Is this match exhaustive? Does it contain dead code? The answer will depend on whether T=i32 or T=u32, of course. But we try to run exhaustiveness checking just once, for all types, so that we can say definitely whether a fn is correct or not, regardless of what T winds up being.

The big alternatives

So what could we do differently? I think there are three big choices. Within each choice there are naturally some tweaks one might consider.

  1. Pattern conversion: The current behavior, with some tweaks.
  2. PartialEq comparison: We could compile matches against a constant to compare using the == operator, so that match foo { BAR => ... } is equivalent to match foo { bar if bar == BAR => ... }
  3. Intersection: We could make it illegal to match against constants unless they are of built-in type, like u32 or something like that f32. These types behave the same for both options 1 and 2.

UPDATE: There is a fourth case I had not considered: Pattern conversion only at trans time. Described loosely in this comment below.

Tweaks to the current behavior

If we wanted to stick with the idea that referencing a constant within a match pattern is short-hand for pattern expansion – or, to put it another way, is a kind of built-in structural equality check – then this does imply that we can never permit associated constants to appear in match patterns.
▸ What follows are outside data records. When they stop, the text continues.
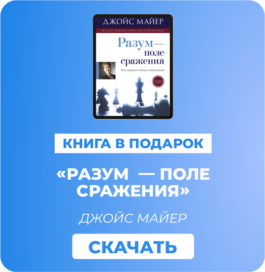 В завершение хочу предложить Вам книгу Джойс Майер «Разум – поле сражения». Она поможет узнать, как с помощью Слова Божьего изменить своё мышление и в результате изменить свою жизнь. В этой книге Джойс рассказывает о том, как одержать победу в сражении, которое развернулось в Вашем разуме, и обрести свободу. Скачайте книгу бесплатно на сайте перейдя по ссылке: gnctv.org/books/tmiab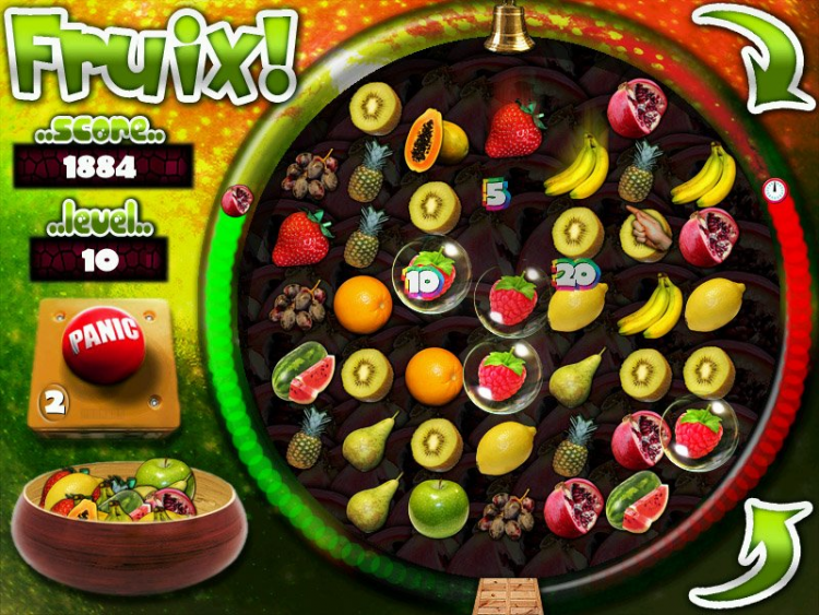 Fruix Довольно сложная игра, в которой вам придется избавляться от фруктов. Составляйте одинаковые фрукты в ряды, чтобы они покинули игровое поле. Основная сложность в том, что нужно, чтобы за ход игровое поле покинуло хотя бы два фрукта, иначе часть упадет за край поля.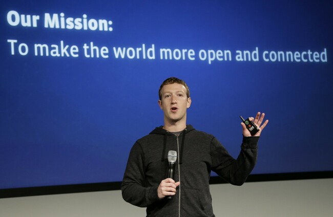 Facebook CEO Mark Zuckerberg with the company's mission statement in 2013 AP Photo/Jeff Chiu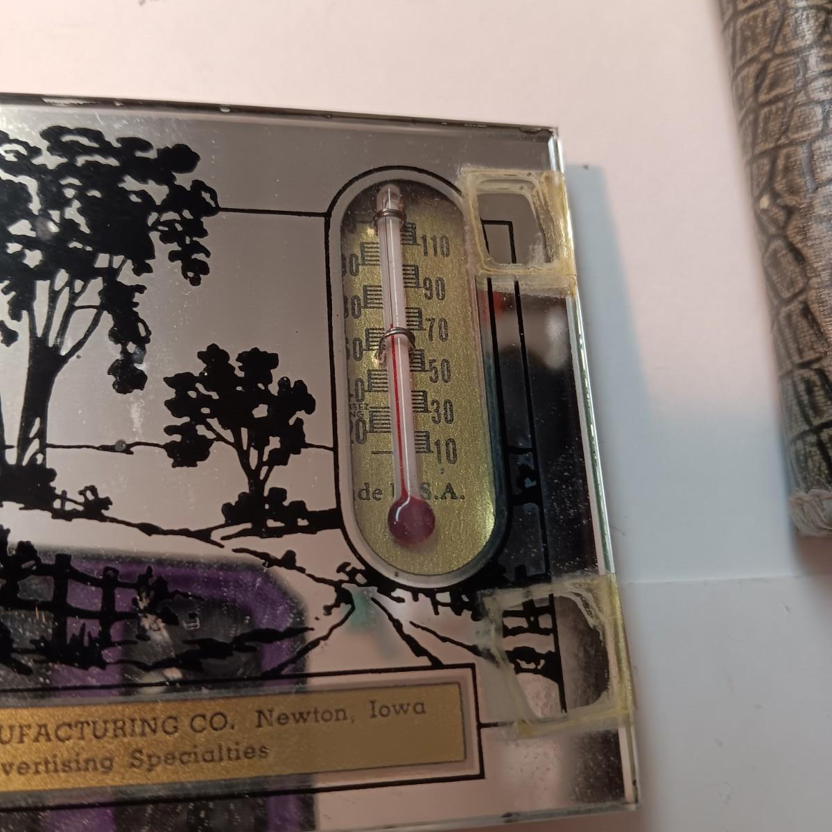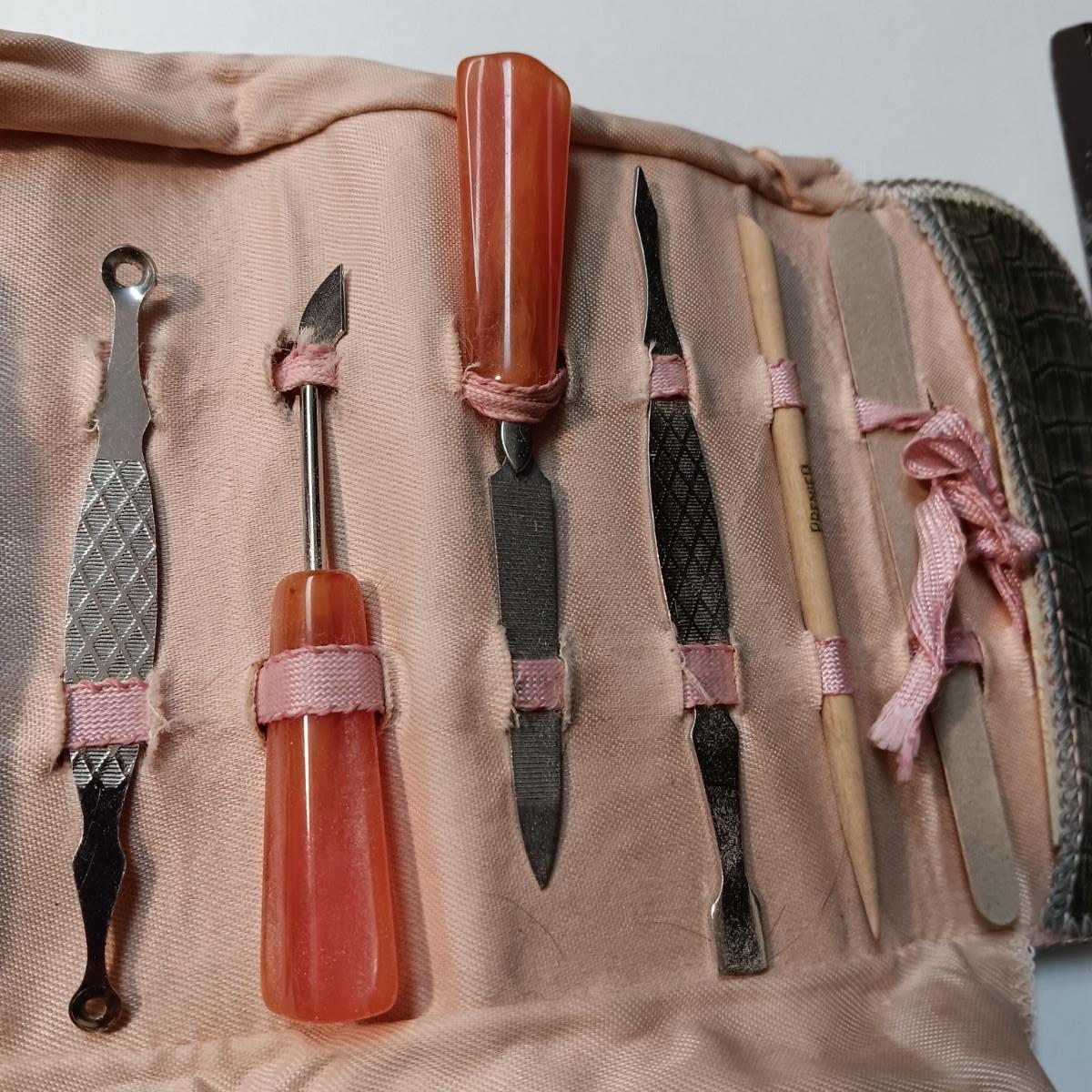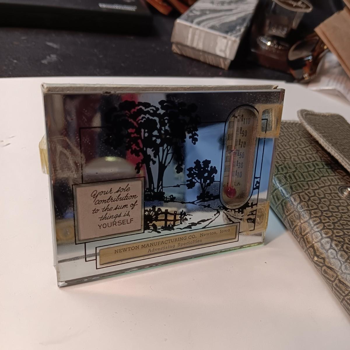 VINTAGE NAIL GROOMING KIT W/BAKELITE HANDLES AND A MIRRORED THERMOMETER

As I described above, associated constants are simply incompatible with this approach, since they cannot be resolved to a specific value.

We can probably tweak some of the other cons by imposing other restrictions:

  • We can fix privacy-busting by checking the expanded patterns for privacy violations, as suggested by @petrochenkov . This means that we would prohibit constant patterns if the constant value (not the type of the constant value) contains any private fields.
  • We could prohibit constant patterns if they are defined with a const fn. This would fix encapsulation-busting.

You see a theme here: basically the current approach means that there are classes and families of constants we may want to exclude from patterns.

PartialEq comparison

The current MIR translation actually implements a variant on patterns where matching against a constant compiles down to a call to PartialEq::eq. This means that a match statement like:

match foo {
    BAR => ...
}

is compiled in roughly the same was as one that uses an if guard:

match foo {
    x if x == BAR => ...
}

Clearly this resolves the abstraction-busting point, since all equality comparisons go through ==. However, it also has other implications:

  1. Exhaustiveness checking must treat constants opaquely. This is both good and bad. For example, it resolves the privacy-busting and encapsulation-busting points, but it may also be annoying in some cases and require an extra _ arm. I consider this to be a net improvement however, particularly since it is unusual that one can fully and exhaustively match against constants. Basically it only happens with bool values.
  2. Generated code can be less efficient. Because the == operator is defined by user code, we have to be more conservative; we can’t extract out the value of a field and switch on that, instead we have to consecutively execute comparisons (after all, we don’t know that the PartialEq code considers that particular field). We might be able to solve this by detecting when PartialEq is defined by deriving and optimizing those cases, since then we know the semantics.
  3. Associated constants – indeed all constants – work just fine. Because we are not trying to build a pattern, we can wait until trans time to evaluate the constant, and hence it works fine with associated constants and other similar extensions.
  4. Some constants will never match. As a simple example, consider matching against NaN (remember that NaN == NaN is false). Today, we report this as a compilation error, but that is not possible if we haven’t fully evaluated every constant to a value. So instead it would just never match. The same might be true for broken PartialEq impls.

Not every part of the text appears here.